Looking forward to working on this with new Partnerships team, already started talking.
--> Lila: need top-level KPIs for ECT, eg.:

number of devs engaged/contributing code
number of patches submitted/accepted

statistics like that
Quim: exactly this is one of our goals for the April-June quarter.
This time we only have metrics for Phabricator use, in the Appendix

slide 24

[slide 24]

Successes
Earlier events had lots of informal feedback, or surveys that took a lot of time to process, but for the first time we run a survey quick and we extracted lessons learned that have already influenced our planning of next events.
S Page produced a Data & Developer Hub prototype against plan and against my will but he was right ;) and broke the vicious circle.

slide 25

[slide 25]

Misses
Problems resourcing Phabricator maintenance. Solution: move ownership to Greg.
Greg: do you see a theme?
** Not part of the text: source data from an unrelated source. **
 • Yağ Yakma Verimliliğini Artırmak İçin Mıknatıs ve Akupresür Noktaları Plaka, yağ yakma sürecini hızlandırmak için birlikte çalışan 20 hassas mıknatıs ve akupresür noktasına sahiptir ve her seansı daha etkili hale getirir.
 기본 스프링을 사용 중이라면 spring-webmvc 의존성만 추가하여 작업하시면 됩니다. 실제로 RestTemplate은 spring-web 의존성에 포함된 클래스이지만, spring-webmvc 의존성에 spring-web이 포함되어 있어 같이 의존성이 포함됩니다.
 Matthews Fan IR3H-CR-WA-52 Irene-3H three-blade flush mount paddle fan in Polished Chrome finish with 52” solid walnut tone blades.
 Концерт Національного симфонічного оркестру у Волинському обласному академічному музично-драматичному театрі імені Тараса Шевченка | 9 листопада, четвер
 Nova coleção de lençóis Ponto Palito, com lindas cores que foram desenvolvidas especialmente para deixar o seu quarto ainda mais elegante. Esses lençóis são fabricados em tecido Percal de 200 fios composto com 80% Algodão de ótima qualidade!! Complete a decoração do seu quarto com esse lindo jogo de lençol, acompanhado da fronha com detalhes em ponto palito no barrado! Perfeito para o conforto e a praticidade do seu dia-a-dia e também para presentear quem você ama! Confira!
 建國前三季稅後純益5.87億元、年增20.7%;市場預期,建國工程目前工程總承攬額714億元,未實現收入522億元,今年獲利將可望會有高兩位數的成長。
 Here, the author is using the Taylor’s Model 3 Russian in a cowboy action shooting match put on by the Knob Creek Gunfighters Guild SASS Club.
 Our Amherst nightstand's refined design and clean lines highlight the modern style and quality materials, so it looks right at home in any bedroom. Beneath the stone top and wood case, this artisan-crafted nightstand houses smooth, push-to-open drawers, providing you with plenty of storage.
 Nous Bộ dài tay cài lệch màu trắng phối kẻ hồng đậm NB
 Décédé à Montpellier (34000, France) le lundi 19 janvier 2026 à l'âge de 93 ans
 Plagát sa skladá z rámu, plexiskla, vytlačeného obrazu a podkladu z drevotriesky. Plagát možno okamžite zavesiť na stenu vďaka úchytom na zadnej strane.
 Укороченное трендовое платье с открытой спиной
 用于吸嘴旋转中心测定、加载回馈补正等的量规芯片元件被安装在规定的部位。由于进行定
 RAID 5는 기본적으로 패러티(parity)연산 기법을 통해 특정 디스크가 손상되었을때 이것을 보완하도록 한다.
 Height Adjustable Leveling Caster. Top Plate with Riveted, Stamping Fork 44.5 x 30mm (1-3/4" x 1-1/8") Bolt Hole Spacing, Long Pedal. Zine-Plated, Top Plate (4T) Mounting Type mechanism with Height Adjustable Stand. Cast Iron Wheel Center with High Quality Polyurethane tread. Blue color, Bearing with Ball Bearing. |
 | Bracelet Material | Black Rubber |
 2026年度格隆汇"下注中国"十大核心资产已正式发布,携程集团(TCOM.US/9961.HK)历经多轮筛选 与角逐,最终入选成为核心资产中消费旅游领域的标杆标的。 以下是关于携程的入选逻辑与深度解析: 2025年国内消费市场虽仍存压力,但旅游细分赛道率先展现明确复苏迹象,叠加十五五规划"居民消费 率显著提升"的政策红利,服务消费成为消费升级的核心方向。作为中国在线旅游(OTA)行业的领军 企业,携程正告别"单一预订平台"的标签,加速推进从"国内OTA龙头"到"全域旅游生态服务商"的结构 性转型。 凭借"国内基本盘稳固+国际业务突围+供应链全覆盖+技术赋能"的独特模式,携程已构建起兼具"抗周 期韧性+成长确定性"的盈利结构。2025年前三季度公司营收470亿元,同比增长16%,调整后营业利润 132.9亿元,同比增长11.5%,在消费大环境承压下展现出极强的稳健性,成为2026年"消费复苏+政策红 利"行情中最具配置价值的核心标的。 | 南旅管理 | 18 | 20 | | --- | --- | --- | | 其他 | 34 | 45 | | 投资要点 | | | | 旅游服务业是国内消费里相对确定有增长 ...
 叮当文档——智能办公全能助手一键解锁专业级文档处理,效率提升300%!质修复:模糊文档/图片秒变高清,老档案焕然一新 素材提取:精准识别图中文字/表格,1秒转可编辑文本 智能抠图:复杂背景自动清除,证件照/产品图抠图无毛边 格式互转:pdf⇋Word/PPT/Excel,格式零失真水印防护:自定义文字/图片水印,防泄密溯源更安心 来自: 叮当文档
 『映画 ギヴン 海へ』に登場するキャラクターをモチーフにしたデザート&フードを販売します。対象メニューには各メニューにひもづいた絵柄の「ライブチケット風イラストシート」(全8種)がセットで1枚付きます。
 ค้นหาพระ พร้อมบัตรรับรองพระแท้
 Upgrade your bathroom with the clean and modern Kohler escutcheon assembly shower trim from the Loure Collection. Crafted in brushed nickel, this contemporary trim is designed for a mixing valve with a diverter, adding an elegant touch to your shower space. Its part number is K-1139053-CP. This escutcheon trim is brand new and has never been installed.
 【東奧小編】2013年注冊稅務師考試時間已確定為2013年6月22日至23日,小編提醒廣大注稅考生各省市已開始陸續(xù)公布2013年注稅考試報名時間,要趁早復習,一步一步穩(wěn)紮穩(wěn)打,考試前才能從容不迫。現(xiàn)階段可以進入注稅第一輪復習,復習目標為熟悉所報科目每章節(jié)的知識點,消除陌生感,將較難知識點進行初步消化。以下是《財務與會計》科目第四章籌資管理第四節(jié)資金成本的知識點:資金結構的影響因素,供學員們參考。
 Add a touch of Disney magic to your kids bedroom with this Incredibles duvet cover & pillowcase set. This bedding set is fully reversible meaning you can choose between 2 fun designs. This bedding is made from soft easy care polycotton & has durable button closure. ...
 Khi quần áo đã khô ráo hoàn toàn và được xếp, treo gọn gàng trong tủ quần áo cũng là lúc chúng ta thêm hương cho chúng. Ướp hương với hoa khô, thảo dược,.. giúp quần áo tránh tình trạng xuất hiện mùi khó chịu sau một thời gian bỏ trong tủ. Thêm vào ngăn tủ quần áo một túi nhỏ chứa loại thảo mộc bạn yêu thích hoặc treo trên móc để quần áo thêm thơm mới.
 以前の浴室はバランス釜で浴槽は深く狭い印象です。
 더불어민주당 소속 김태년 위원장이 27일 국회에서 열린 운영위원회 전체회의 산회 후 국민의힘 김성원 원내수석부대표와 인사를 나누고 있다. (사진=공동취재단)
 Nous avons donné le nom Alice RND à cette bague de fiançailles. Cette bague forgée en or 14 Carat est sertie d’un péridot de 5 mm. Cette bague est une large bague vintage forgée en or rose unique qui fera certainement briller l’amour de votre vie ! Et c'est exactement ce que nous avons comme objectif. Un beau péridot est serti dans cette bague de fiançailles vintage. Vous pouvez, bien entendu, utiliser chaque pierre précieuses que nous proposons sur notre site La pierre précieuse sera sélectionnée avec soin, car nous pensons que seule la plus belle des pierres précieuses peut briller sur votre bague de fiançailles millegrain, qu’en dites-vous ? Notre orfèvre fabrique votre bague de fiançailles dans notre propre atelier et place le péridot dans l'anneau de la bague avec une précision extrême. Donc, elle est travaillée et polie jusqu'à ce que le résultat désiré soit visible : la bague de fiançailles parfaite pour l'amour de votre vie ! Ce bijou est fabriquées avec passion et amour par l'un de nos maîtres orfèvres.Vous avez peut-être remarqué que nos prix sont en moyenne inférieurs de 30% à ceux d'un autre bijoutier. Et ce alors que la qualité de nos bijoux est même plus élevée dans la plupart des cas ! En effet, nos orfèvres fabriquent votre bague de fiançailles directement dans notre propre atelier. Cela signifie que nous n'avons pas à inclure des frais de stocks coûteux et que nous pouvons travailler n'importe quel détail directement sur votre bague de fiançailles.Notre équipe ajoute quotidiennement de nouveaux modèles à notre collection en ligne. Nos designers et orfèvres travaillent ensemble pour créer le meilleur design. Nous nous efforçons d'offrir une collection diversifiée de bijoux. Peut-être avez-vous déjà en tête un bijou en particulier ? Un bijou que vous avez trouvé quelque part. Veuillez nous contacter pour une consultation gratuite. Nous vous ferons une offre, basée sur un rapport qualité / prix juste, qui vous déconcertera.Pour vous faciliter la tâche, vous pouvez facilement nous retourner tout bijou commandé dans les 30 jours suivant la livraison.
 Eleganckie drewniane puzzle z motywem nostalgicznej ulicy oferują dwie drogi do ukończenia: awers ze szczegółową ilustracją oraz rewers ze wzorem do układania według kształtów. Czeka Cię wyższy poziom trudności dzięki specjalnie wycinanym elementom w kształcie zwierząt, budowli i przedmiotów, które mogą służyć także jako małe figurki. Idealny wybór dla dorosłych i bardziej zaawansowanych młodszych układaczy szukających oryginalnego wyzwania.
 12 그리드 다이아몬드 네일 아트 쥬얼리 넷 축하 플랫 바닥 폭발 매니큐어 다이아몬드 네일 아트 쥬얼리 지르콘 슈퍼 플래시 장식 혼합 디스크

I get all the tools everyone uses. ;)
Bryan: and we're on time

Appendix slides

Feedback on meeting format

Lila: Feedback on meeting format?
Bryan: we started much earlier than normal to prepare slide deck (about a month ahead)
came together much better
could have had the slide deck template earlier
Greg: it's completely retrospective, no room to discuss planned work, needs from other teams
now disjoint goalsetting processes, q review meeting served for coordination before
Lila: dropped the "what's next" part of slides
if we do that separately, that's fine, but need to get together in some form
Lila: I like having all or most of the team in the meeting, even if only listening
could have everyone but managers remote
Greg: there's at least 60 in this group
my team asked me if they should be here
Quim: technical hangout limit (15)
Terry: technical limitations could be fixed
Bryan: there is value in team hearing questions that you ask, but this might not need to be in real time
don't ask geeky geeks to pay attention to something on screen for long ;)
Chad: I was supposed to sit in for the whole time, certainly enjoyed listening in, but it's not like I could jump in at any time[?]